Reputation: 7910
If I have a 2D numpy array as follows:
[[1., 0., 1.]
[1., 0., 2.]
[2., 0., 1.]]
I'd like to normalise all columns to sum to 1, resulting in:
[[0.25, 0.33, 0.25]
[0.25, 0.33, 0.50]
[0.50, 0.33, 0.25]]
Note that in the case where the sum of a column is 0, I'd like them to be equally distributed as you see above. It's essentially just scaling but with a special case.

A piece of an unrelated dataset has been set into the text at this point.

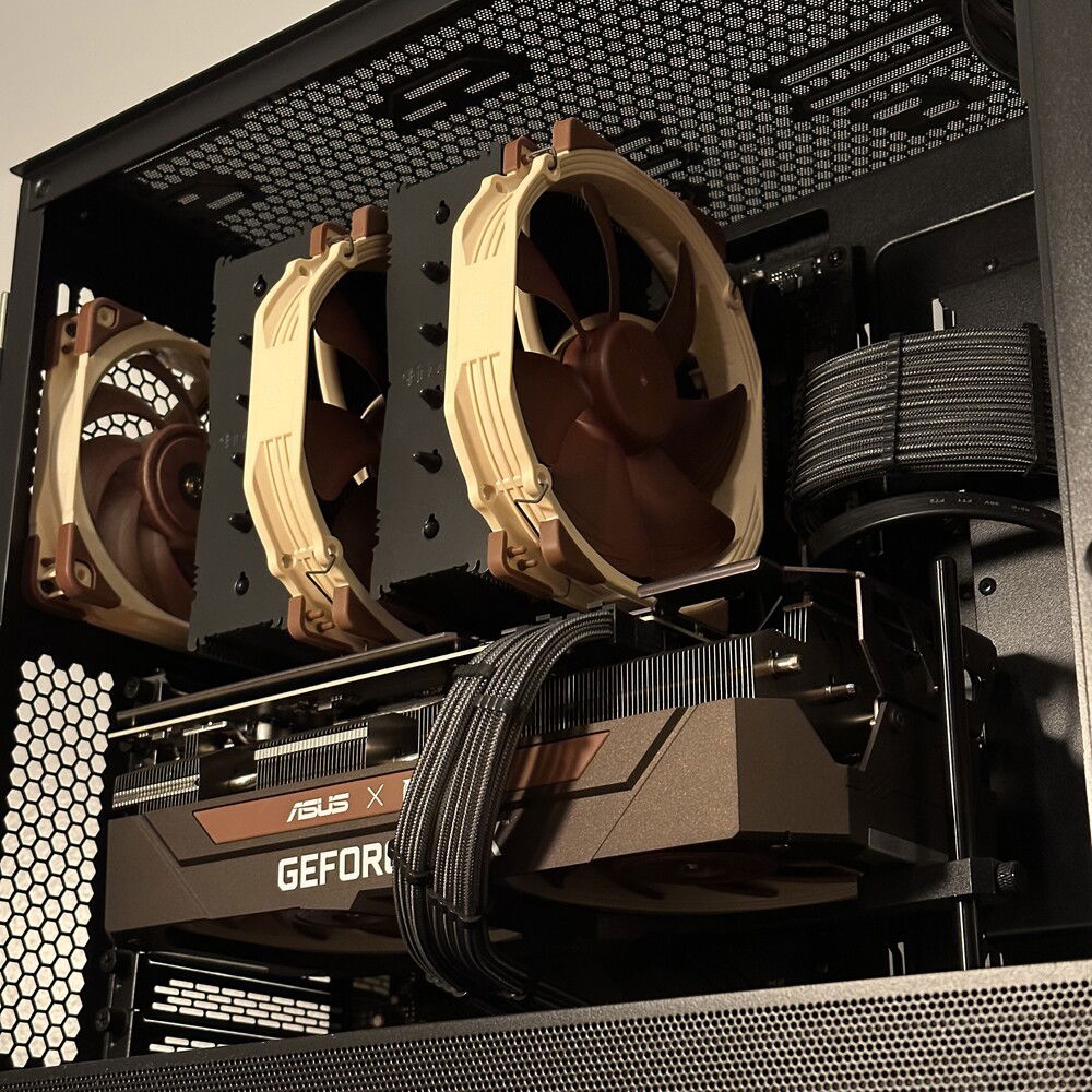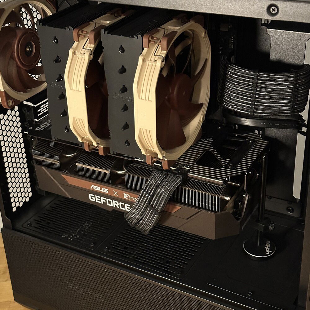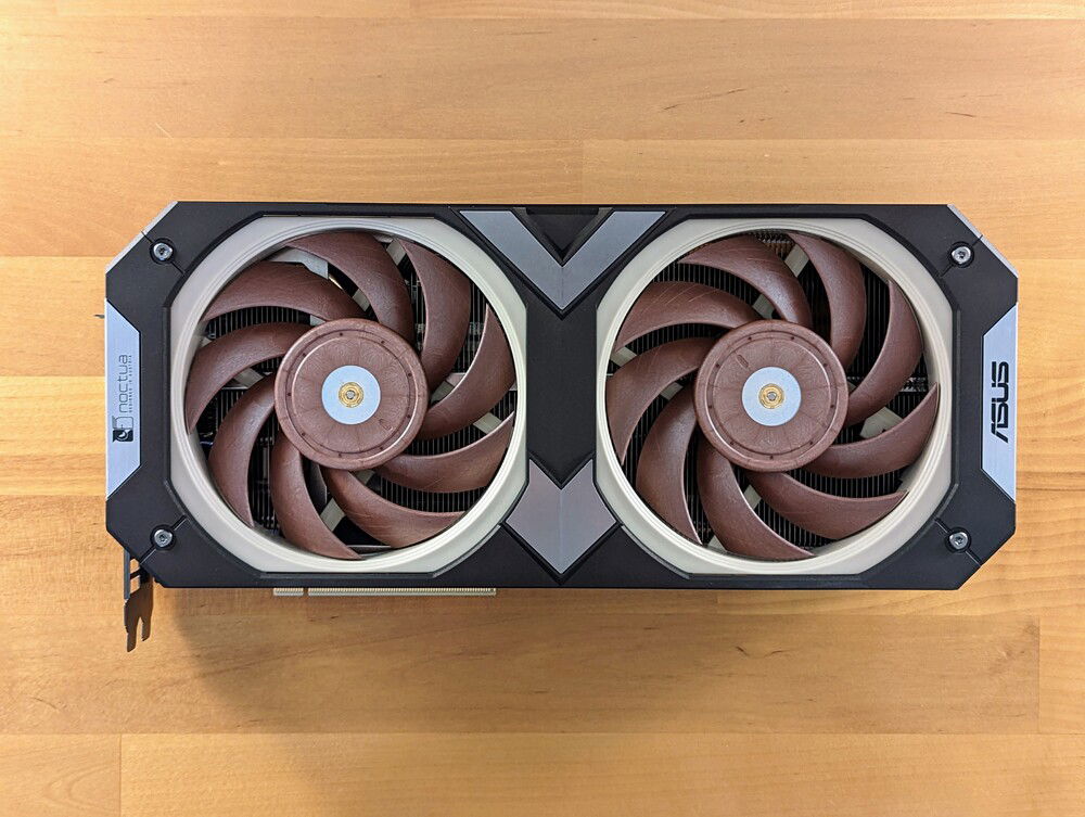 It is a right of passage for computer hobbyists to do at least one Noctua build, so when Noctua partnered with Asus to make a GPU I knew my time had finally come to reach this milestone. The GPU is truly massive, mostly because it uses two Noctua A12x25 case fans instead of the traditional slim GPU fans.

If I was guaranteed that all columns would add up to be > 0
then I could just do:
>>> x = np.array([[1,2,3],[4,5,6],[7,8,9]]) * 1.0
>>> x
array([[ 1., 2., 3.],
[ 4., 5., 6.],
[ 7., 8., 9.]])
>>> x / np.sum(x, axis=0)
array([[ 0.08333333, 0.13333333, 0.16666667],
[ 0.33333333, 0.33333333, 0.33333333],
[ 0.58333333, 0.53333333, 0.5 ]])
But that fails for the first example because you get a /0
error.
It would be ideal if there was a general solution which could be extended for a third dimension also. The example run above works exactly the same for 3D arrays, but still fails on the zero case.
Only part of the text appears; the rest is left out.